🤖 AI Summary
Current research on criminal judicial opinion generation models legal reasoning and sentencing prediction separately, leading to logical inconsistencies and heavy reliance on manual knowledge engineering—thus limiting practical applicability. To address this, we propose the novel task of *judicial opinion co-generation* and introduce *LegalChain*, a legal-chain-guided framework that unifies the modeling of factual premises, compound legal elements, and sentencing conclusions via structured legal chains. This enables end-to-end joint generation of reasoning and sentencing while supporting flexible integration of domain knowledge. Experiments on two Chinese open-source legal datasets demonstrate that our approach significantly outperforms existing baselines, achieving substantial improvements in logical consistency, legal accuracy, and practical interpretability of generated opinions.

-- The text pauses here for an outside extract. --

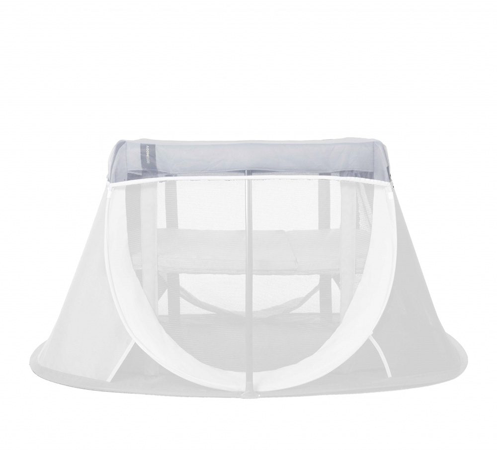 Praktiskt myggnät som fästs på toppen av resesängen.

LegalChain thus establishes a more jurisprudentially grounded generative paradigm for judicial decision support.
📝 Abstract
A criminal judicial opinion represents the judge's disposition of a case, including the decision rationale and sentencing. Automatically generating such opinions can assist in analyzing sentencing consistency and provide judges with references to similar past cases. However, current research typically approaches this task by dividing it into two isolated subtasks: legal reasoning and sentencing prediction. This separation often leads to inconsistency between the reasoning and predictions, failing to meet real-world judicial requirements. Furthermore, prior studies rely on manually curated knowledge to enhance applicability, yet such methods remain limited in practical deployment. To address these limitations and better align with legal practice, we propose a new LegalAI task: Judicial Opinion Generation, which simultaneously produces both legal reasoning and sentencing decisions. To achieve this, we introduce LegalChainReasoner, a framework that applies structured legal chains to guide the model through comprehensive case assessments. By integrating factual premises, composite legal conditions, and sentencing conclusions, our approach ensures flexible knowledge injection and end-to-end opinion generation. Experiments on two real-world and open-source Chinese legal case datasets demonstrate that our method outperforms baseline models.